*** Block opens ***

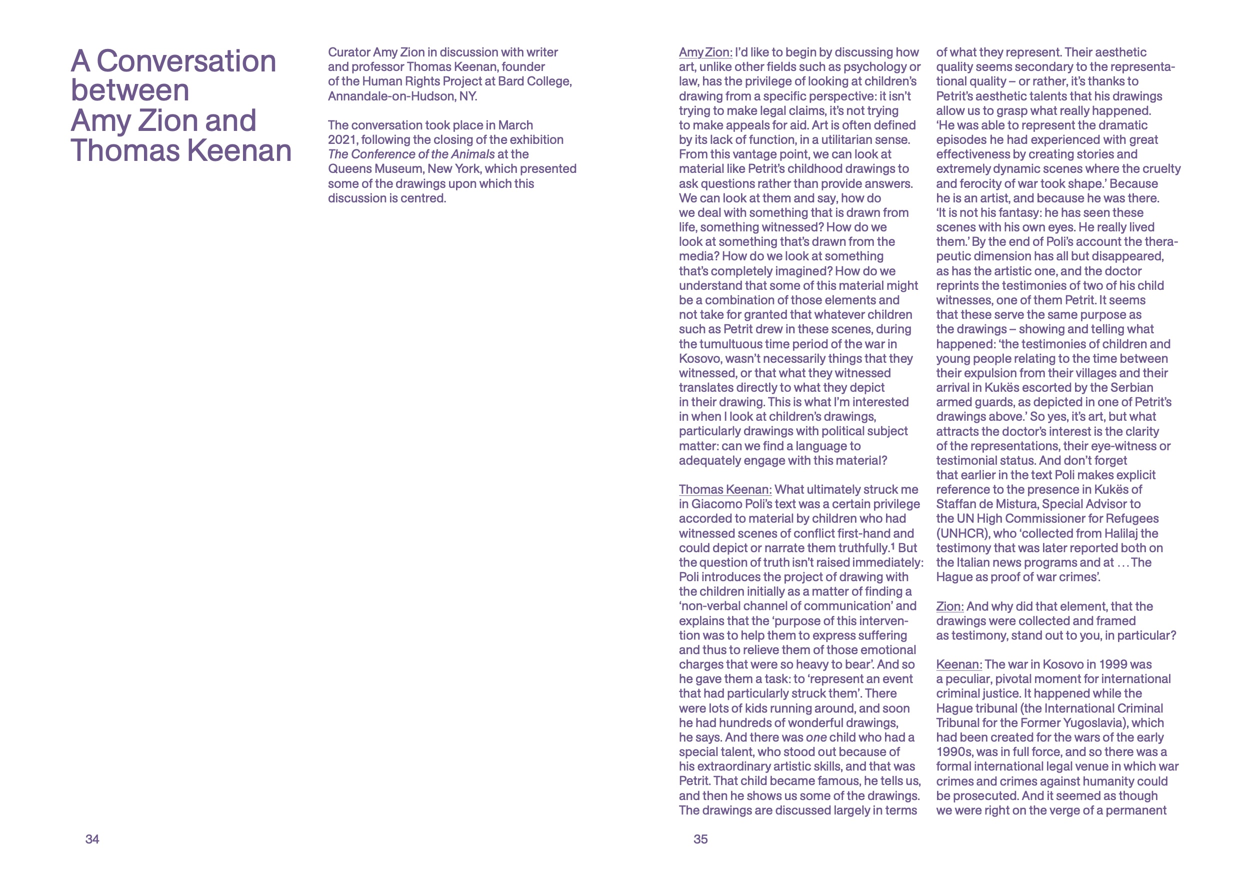 This book was published to coincide with an eponymous exhibition by Petrit Halilaj at Tate St. Ives, curated by Anne Barlow. For the exhibition, Halilaj created a new installation based on drawings he made at age 13, while living in Kükes II, a refugee camp in Albania during the war in Kosovo. Reproductions of the original drawings were included in the exhibition The Conference of the Animals at Queens Museum in New York, an exhibition I curated in collaboration with artist Ulrike Müller. Barlow and Halilaj invited me and my colleague, Thomas Keenan, co-founder of the Human Rights Project at Bard College, to contribute a conversation about the drawings in the context of the war and a broader history of human rights and drawings by children to this publication.
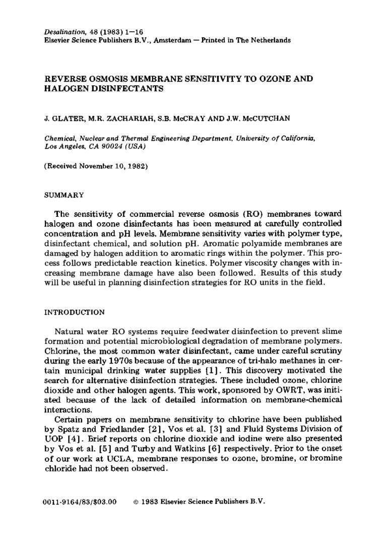 Reverse Osmosis Membrane Sensitivity To Ozone And Halogen Disinfectants 1983 32 18 View details Download
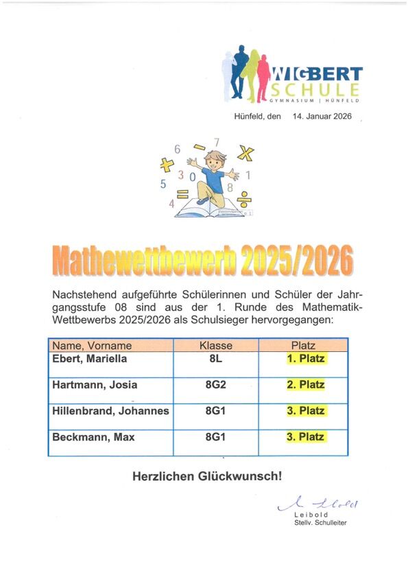 Wir gratulieren den Schulsiegern des diesjährigen Mathewettbewerbs ganz herzlich!

*** Block closes ***

◆ Exercise
All that is needed is the data above, repeated exactly, without the pictures.

◆ Exercise response
 This book was published to coincide with an eponymous exhibition by Petrit Halilaj at Tate St. Ives, curated by Anne Barlow. For the exhibition, Halilaj created a new installation based on drawings he made at age 13, while living in Kükes II, a refugee camp in Albania during the war in Kosovo. Reproductions of the original drawings were included in the exhibition The Conference of the Animals at Queens Museum in New York, an exhibition I curated in collaboration with artist Ulrike Müller. Barlow and Halilaj invited me and my colleague, Thomas Keenan, co-founder of the Human Rights Project at Bard College, to contribute a conversation about the drawings in the context of the war and a broader history of human rights and drawings by children to this publication.
 Reverse Osmosis Membrane Sensitivity To Ozone And Halogen Disinfectants 1983 32 18 View details Download
 Wir gratulieren den Schulsiegern des diesjährigen Mathewettbewerbs ganz herzlich!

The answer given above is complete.